Strrraszna historia: Ci paskudni Aztekowie - Terry Deary, Martin Brown

WIĘCEJ STRASZNYCH HISTORII Z PRZESZŁOŚCI


Jaka może być historia? Odpowiedź na to pytanie będzie się różniła w zależności od tego, kogo spytacie. Jeśli jednak mielibyście odpowiedzieć na nie przez pryzmat tych książek, moglibyście rzec, że jest śmieszna, jest ciekawa, jest czasem straszna, a czasem dziwna, ale nigdy, przenigdy nie jest nudna. Pewnie niektórym z Was trudno w to uwierzyć, z pewnością uczycie się tego przedmiotu w szkole i wiecie, jak to bywa, a jednak. Wiedza przekazywana Wam przez nauczycieli może wywoływać ziewanie, może usypiać i za wszelką cenę nie chcieć zostać Wam w głowach, ale twórcy „Strrrasznej historii" potrafią pokazać drugą stronę tematu, która nawet największych przeciwników tej dziedziny wiedzy potrafi do niej przekonać.
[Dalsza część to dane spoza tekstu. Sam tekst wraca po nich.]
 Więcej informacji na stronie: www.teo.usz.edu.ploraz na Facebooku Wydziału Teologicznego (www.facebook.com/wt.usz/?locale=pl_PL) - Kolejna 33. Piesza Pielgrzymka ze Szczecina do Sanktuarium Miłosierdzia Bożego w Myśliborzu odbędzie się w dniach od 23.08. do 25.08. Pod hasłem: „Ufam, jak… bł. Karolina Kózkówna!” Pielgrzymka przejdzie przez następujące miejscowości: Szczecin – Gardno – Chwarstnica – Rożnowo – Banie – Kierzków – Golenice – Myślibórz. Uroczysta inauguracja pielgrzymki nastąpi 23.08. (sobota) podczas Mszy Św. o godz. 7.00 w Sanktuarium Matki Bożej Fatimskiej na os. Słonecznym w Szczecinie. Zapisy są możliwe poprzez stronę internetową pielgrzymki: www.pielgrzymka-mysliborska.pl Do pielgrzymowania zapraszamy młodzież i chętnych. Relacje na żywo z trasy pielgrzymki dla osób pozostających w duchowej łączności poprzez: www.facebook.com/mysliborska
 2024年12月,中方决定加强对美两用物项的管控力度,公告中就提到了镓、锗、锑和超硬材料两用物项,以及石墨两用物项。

Aztekowie i Majowie. Sąsiedzi sprzed wieków, o których pewnie słyszeliście niejedno, prawda? W końcu ledwie sześć lat minęło od jakże popularnej daty końca świata wyznaczonej przez kalendarz tych drugich, a osławionej swego czasu w serialu „Z archiwum X”. Ale co tak naprawdę o nich wiemy? Czas się o tym przekonać i przy okazji nauczyć czegoś na ich temat. Ile jest prawdy w historiach o kanibalizmie Azteków? Czemu ubierali się w tak dziwaczne stroje  (bo były dziwaczne, ale o tym też przekonacie się sięgając po tę książkę)? Co kryła ich historia? Wszystko to znajdziecie właśnie tutaj, ba, mamy tu nawet podane ulubione pokarmy, aztecki kalendarz, opis ceremonii ślubnej, a nawet… wszelkiej maści gry, jakie dostarczały im rozrywki przed wiekami.
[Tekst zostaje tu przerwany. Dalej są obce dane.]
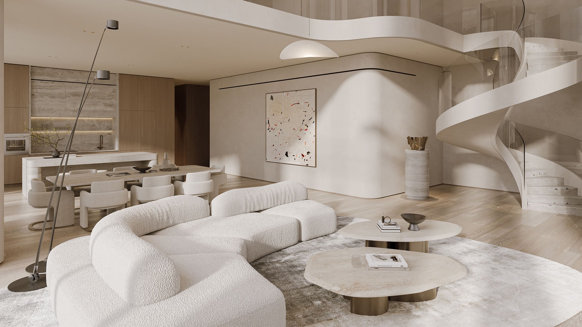 SAAS Hills showcases an architectural identity built on fluid, contemporary lines that flow from the exterior façade into the interior spaces. Each tower features an elegant, curved silhouette, creating a visually iconic presence. The communal areas, including the spacious lobby and sculptural passageways, highlight refined materials, natural light, and meticulous detailing. The overall design reflects high construction standards and a commitment to durability and elegance.
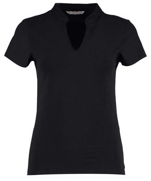 KK770: Women's corporate short-sleeved top v-neck mandarin collar (regular fit)
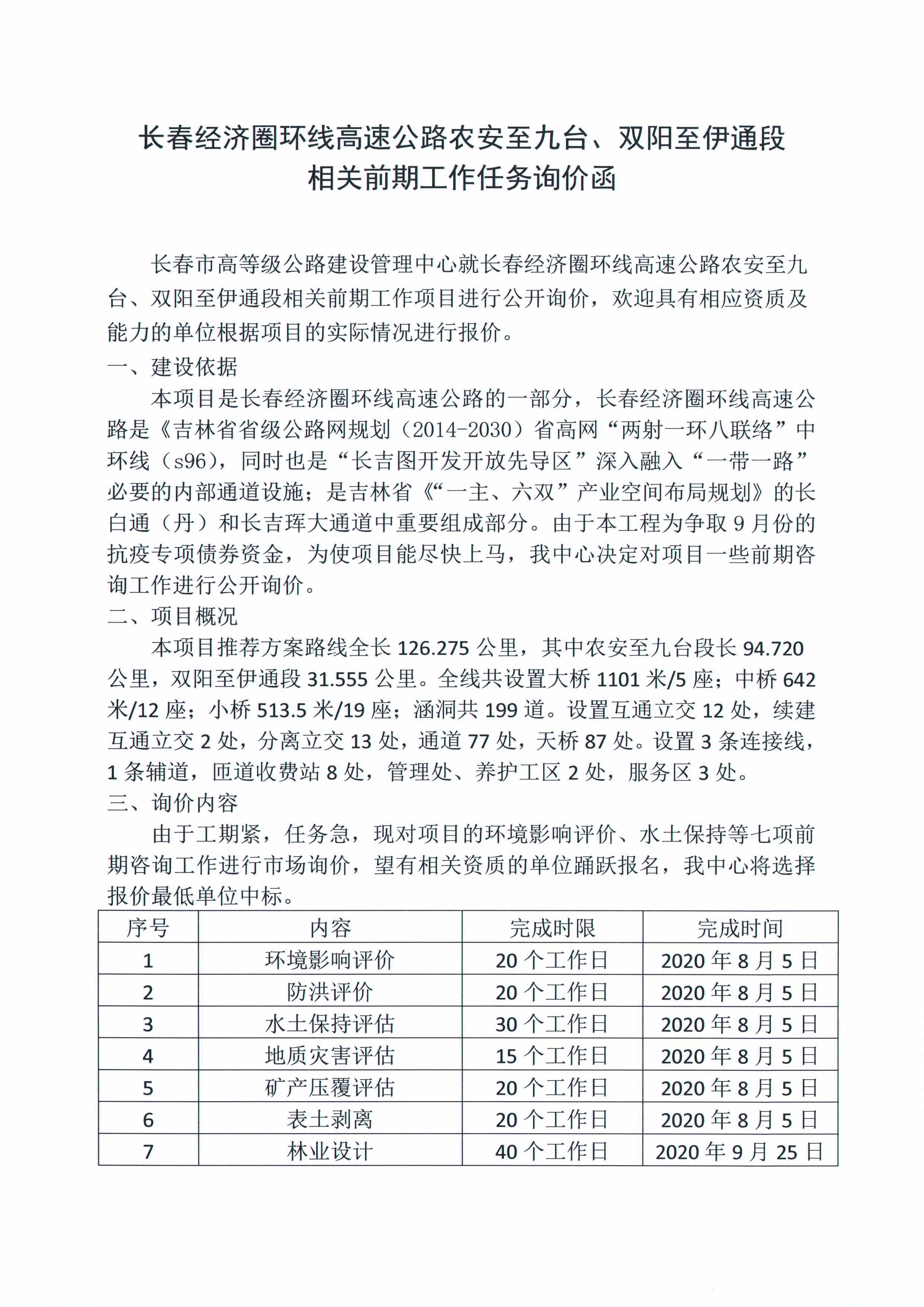 长春经济圈环线高速公路农安至九台、双阳至伊通段相关前期工作任务询价函

Seria „Strrraszna historia” na pierwszy rzut oka wygląda, jak typowa pozycja, która ma uczyć poprzez zabawę. I, oczywiście, wiedzę przekazuje, w sposób prosty, przyjemny i autentycznie ciekawy, tak że młody czytelnik ani przez chwilę się nie nudzi. Nietypowe jest jednak to, jak to robi, bo przecież nie samą lekkością i prostotą. Czym zatem? Poruszaniem tematów, które w oczach dzieci wydają się być tematami dorosłymi, zakazanymi wręcz. Śmierć, tortury, kanibalizm… Dzieci i młodzież lubią grozę tak, jak i dorośli, a książki z tej serii nie żałują im jej. Nie są przy tym makabryczne i zostały dostosowane do wieku odbiorcy, więc rodzice nie muszą się niczego obawiać.


Co warto dodać, to że publikacje te są też bardzo ładnie wydane i ilustrowane. A całość jest na tyle udana, że spodoba się nie tylko najmłodszym i nie tylko ich nauczy kilku ciekawych rzeczy. Polecam – zarówno ten tom, jak i całą serię.


A wydawnictwu Egmont dziękuję za udostępnienie egzemplarza do recenzji.